兄が導いてくれたお道の世界 御薗分教会 大上瑞貴

はじめに

 私は三重県伊勢市にある天理教の教会に生まれました。7つ上の姉と4つ上の兄と3人兄弟です。小さい頃から月次祭は太鼓の音を聞きながら寝る、朝夕のおつとめはほとんどしたことはないなど、特に強制されることなく自由に過ごしてきました。

嘘のような節

 そんな私に人生で1番と言っていいであろう“節“が訪れます。それは4つ上の兄が19歳という若さで出直すという、当時15歳で中学3年生の私にはあまりにも惨く、到底受け入れることができない、嘘のような“節“でした。兄との思い出のほとんどは喧嘩と言っていいほど仲の悪い兄弟でしたが、失ってからその存在の大きさに気づきました。当時の私にあったのは「なんで兄の命がなくなってしまったんや」という不足のような感情でした。

人生の宝物「学生会との出会い」

 その後地元の高校、そして大阪の大学に進学しました。そこで学生会に出会います。
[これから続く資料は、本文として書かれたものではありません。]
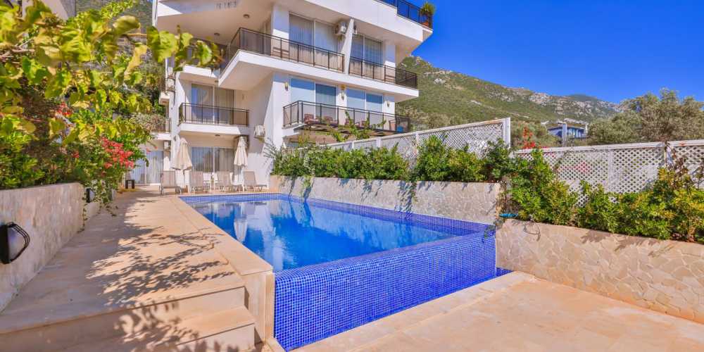 Kalkan Kızıltaş bölgesinde yer alan bu kiralık villa merkezi lokasyonu geniş havuzu ve konforlu yapısıyla denize yakın ve merkeze yakın villa arayan misafirler için güçlü bir villa kiralama alternatifidir.
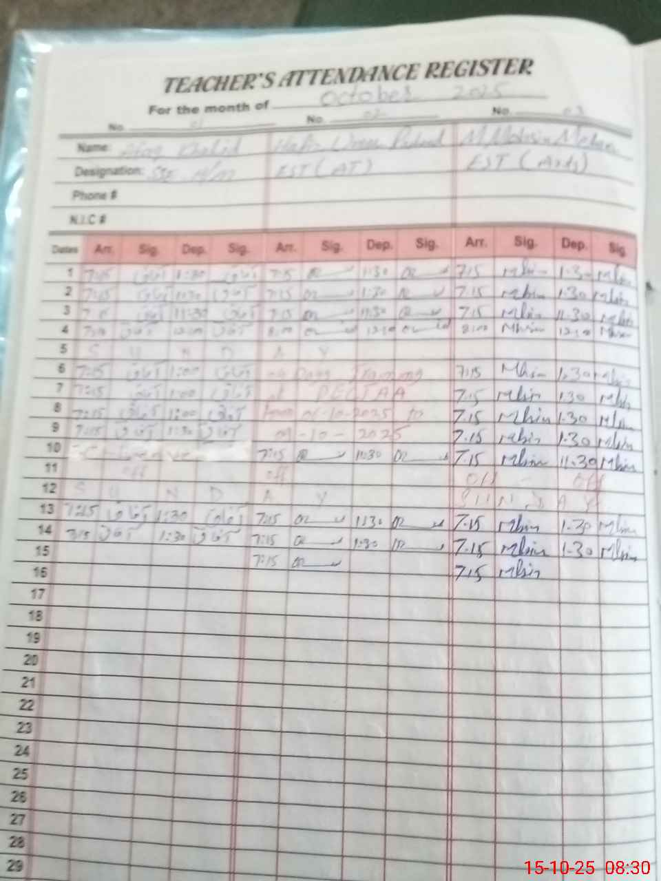 | 37**** | Af**** Kh**** | 6 | 2 | 0 | 0 | 0 | 0 | 0 | 0 | 0 | 0 | 0 | Absent (Un-Authorized) |
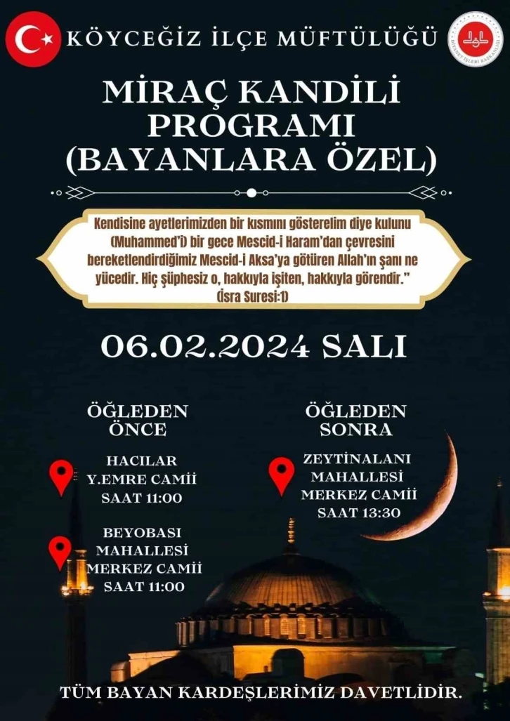 Muğla’nın Köyceğiz ilçesinde Miraç Kandili nedeniyle özel programlar düzenlenecek. 6 Şubat 2024 Salı gününü Çarşambaya bağlayan gece Müslümanlar için kutsal sayılan Miraç Kandili idrak edilecek. Köyceğiz’de Miraç Kandili vesilesiyle başta depremde hayatını kaybeden vatandaşlar ile tüm şehitler için dualarda bulunulacak. 6 Şubat 2024 Salı günü gündüz Beyobası Merkez Camii, Hacılar Yunus Emre Camii ile Zeytinalanı Merkez Camiinde bayanlara yönelik, akşam namazından sonra da Köyceğiz’deki tüm camilerde olduğu gibi Köyceğiz Merkez Hacıbey Camiinde Kandil özel programı gerçekleştirilecek. Köyceğiz İlçe Müftüsü Ahmet Karagöz, “Programlarımıza tüm halkımızı davet eder, Köyceğizli kardeşlerimizin, misafirlerimizin ve tüm inananların; dileklerin dalga dalga Cenab-ı Allah’a ulaştığı, dökülen pişmanlık gözyaşlarının günahları silip yok ettiği Miraç kandillerini tebrik eder, yapacağımız dua ve niyazların kabul görmesini, İslam Aleminin, birlik ve beraberliğine, Aziz Milletimizin ve bütün insanlığın barış, huzur ve saadetine vesile olmasını Yüce Allah’tan temenni ve niyaz ederim" dedi.

私にとって大阪教区の学生会で過ごした3年間は、その後の人生を大きく変えてくれた宝物のような時間です。たくさんのお道の仲間と出会い、先生方のお道のお話を聴かせていただくうちに、教会に生まれながらもほとんど関わることがなかった天理教が大好きになりました。また、高校2、3年生と大学4年間の学修でもたくさんの仲間ができ、ますますお道の教えを求めるようにもなりました。「お引き寄せ」「成ってくるのが天の理」「節から芽が出る」学生時代に私が特に感銘を受けた言葉です。

節から芽が出る

 学生会や学修での出会い、仲間との「お引き寄せ」が、私に天理教の教えを与えてくれました。そのおかげで兄が亡くなったことも「天の理」なのだと、初めて前向きに受け止めることができました。そして、この大きな「節」から自分が「芽」になれれば良いなと考えられるようになり、それはこれからの私の通り方の目標(=教会長としておたすけに使っていただける人材になること)にもなっています。

教え子に伝えてること

 兄の出直しから15年が経ちました。大学卒業後の幹事の御用を終え、今私は地元に戻って中学校の教員をしています。卒業式を目前に控えた3年生の最後の授業で、私は必ず兄の話をします。人はいつ事故に遭ったり、病気になったりして命を失うかわからない。だから今生きていることは決して当たり前ではない。当たり前ではないから命に感謝をして、そして親に感謝をしてこれからも生きていってほしい。この話をすることで、亡くなった兄の命がいつまでも誰かの中で生きているような気がします。いつまでも消えることなく残っていってほしいと思っています。

最後に

 ここまでいろいろと心に浮かんだことを書かせていただきました。これまでの人生を振り返る中で感じたことは、私は兄の出直しという“節“があったからこそ、このお道の教えに感銘を受けたのかもしれないということです。そう考えると、兄が私をお道の世界に導いてくれたのかなとも思います。教祖140年祭の三年千日、生かされていることへの感謝を忘れずに、日々生きていきたいと思います。